The question first arose at the Old Bailey, before Sir John Holt, then recorder of London, and he decided against the crown, as might have been expected; for, while avoiding keen partisanship in politics, he had been always Whiggishly inclined. James thought he was quite secure by appealing to the ultra Tory, Lord Chief Justice Herbert. To the utter amazement of the king and the courtiers, this honorable, although shallow, magistrate declared that, without an act of Parliament, all laws were equally applicable to all his majesty’s subjects, whether wearing red coats or gray. Being taunted with inconsistency in respect of his judgment in favor of the dispensing power, he took this distinction, “that a statute altering the common law might be suspended by the king, who is really the lawgiver, notwithstanding the form that he enacts ‘with the assent of the lords spiritual and temporal, and Commons;’ but that the common law cannot be altered by the king’s sole authority, and that the king can do nothing contrary to the common law, as that must be considered coeval with the monarchy.”

James, with the infatuated obstinacy which was now driving him to destruction, set this opinion at defiance; and, encouraged by Jeffreys, caused a soldier to be capitally prosecuted, at the Reading assizes, for deserting his colors. The judges who presided there resorted to some obsolete, inapplicable act of Parliament, and were weak enough to lay down the law in the manner suggested to them by the chancellor, so that a conviction was obtained. To give greater solemnity and eclat to the execution, the attorney general moved the Court of King’s Bench for an order that it might take place at Plymouth, in sight of the garrison from which the prisoner had run away. But Herbert peremptorily declared that the court had no jurisdiction to make such an order, and prevailed on his brother Wythens to join with him in this opinion. Mr. Attorney took nothing by his motion, but the recreant chief justice and the recreant puisne were both next morning dismissed from their offices, to make way for the most sordid wretches to be picked up in Westminster Hall—Sir Robert Wright and Sir Richard Allibone, a professed Papist.

[153] The two clergymen who were most applauded on this occasion were the bold one, who, refusing to obey the royal mandate, took for his text “Be it known unto thee, O king, that we will not serve thy gods, nor worship the golden image which thou hast set up;” and the humorous one, who, having said, “My brethren, I am obliged to read this declaration, but you are not obliged to listen to it,” waited till they were all gone, clerk and all, before the reading of the declaration began.

[154] More than one American advocate for treating the fugitive slave act as a law, and submitting to it as such, till repealed, has preached precisely this doctrine.—Ed.

[155] 12 State Trials, 183-523.

[156] It was supposed that he was jealous of Williams, the solicitor general, who had been promised by James the highest offices of the law if he could convict the bishops. This may account for a sarcasm he levelled at his rival during the trial. Williams, having accounted for a particular vote of the House of Commons in the reign of James II., when he himself was a member and suspected of bribery, said “there was a lump of money in the case.” Wright, in referring to this, observed, “Mr. Solicitor tells you the reason, ‘there was a lump of money in the case;’ but I wonder, indeed, to hear it come from him.” Williams, understanding the insinuation, exclaimed, “My lord, I assure you I never gave my vote for money in my life.”

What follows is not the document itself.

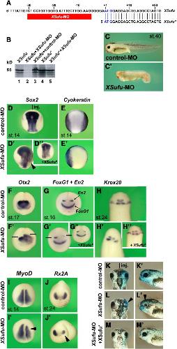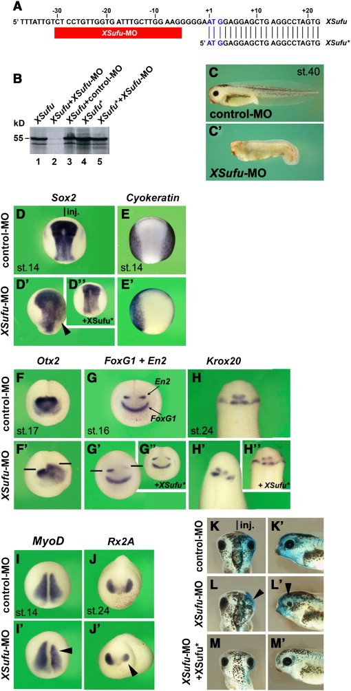 Fig. 4. Depletion of XSufu induces expansion of the neural plate, stimulates anterior neural markers and suppresses eye development. (A) Targeting sequence of the XSufu morpholino oligonucleotide (XSufu-MO). The non-targeted XSufu* mRNA construct lacks the 5â² untranslated region. Blue letters indicate start codon. (B) In vitro transcriptionâtranslation assay. The XSufu-MO, but not an unspecific control-MO, inhibits XSufu protein synthesis. XSufu-MO does not reduce translation of XSufu* mRNA. (C,Câ²) At the tadpole stage, XSufu-MO-injected embryos have reduced head and tail structures. (DâDâ²) Dorsal view of early neurula embryos. Injection was performed animally into one blastomere at the 2-cell stage together with nlacZ mRNA as tracer. XSufu-MO, but not control-MO, causes expansion of Sox2 expression on the injected side (arrowhead); this effect is reverted by co-injection with XSufu* mRNA. (E,Eâ²) XSufu-MO leads to a reduction of Cytokeratin expression. (FâH,Fâ²âHâ²,Gâ²,H'') Anterior view of neurula (F,Fâ²,GâGâ²) and dorsal view of tailbud embryo (HâHâ²). XSufu-MO causes expansion of Otx2, reduced intensity of En2, and a posterior shift of En2 and Krox20 expression, while FoxG1 expression remains unaffected. Co-injection of XSufu-MO and XSufu* mRNA rescues normal En2 and Krox20 expression. (I,Iâ²) Dorsal view of early neurula. XSufu-MO induces reduction of MyoD expression (arrowhead). (J,Jâ²) Anterior view of tail bud embryo. XSufu-MO leads to a reduction of Rx2A expression. (KâM,Kâ²âMâ²) A single injection of XSufu-MO causes reduction of eye structures (arrowheads), which is reverted by co-injection of XSufu* mRNA. The indicated phenotypes were observed in: C, 70/83; Câ², 21/43; J, 22/24; D, 50/50; Dâ², 71/77; Dâ², 82/87; E, 24/27; Eâ², 39/40; F, 23/24; Fâ², 20/20; G, 39/39 (FoxG1), 55/55 (En2); Gâ², 42/42 (FoxG1), 54/54 (En2); Gâ², 31/31; H, 65/67; Hâ², 79/79; Hâ², 34/40; I, 24/26; Iâ², 27/28; J, 40/42; Jâ², 67/73; L,Lâ², 25/25; M,Mâ², 21/43.

[157] A similar and alarming reaction towards despotism has exhibited itself in America since the passage of the fugitive slave act of 1850, in the combination of so many distinguished jurists and divines to denounce the doctrine of a “higher law,” and to advocate the “divine right” of Congress to make enactments according to its own pleasure and judgment, which enactments are to take precedence as rules of conduct of the individual conscience, which it is attempted to silence by stigmatizing it as a prejudice. Not only does there seem reason to dread that we may soon be under legislators and an executive who, believing in the divine right of those in authority, will not only applaud but act upon the principles of arbitrary government, we lately have been and still are, so far as the federal executive and the federal Senate are concerned, under precisely such ministers and legislators; and having lately had some such experience of the practical results of such principles in the administration of justice, what more natural than to compare our sufferings with those of our British forefathers, and to seek to learn from their experience the natural cure for such evils?—Ed.

[158] Jane Johnson’s suggestions, on the ground that she was a stranger to the proceeding, were allowed no weight towards the liberation of Williamson, and were refused admittance on the files of the court. At the same time, the suggestions of Mr. Cadwallader, another stranger, were eagerly clutched at and put upon the record, with a view to better the position of Judge Kane.

[159] The account of the final proceedings is from the Philadelphia Evening Bulletin.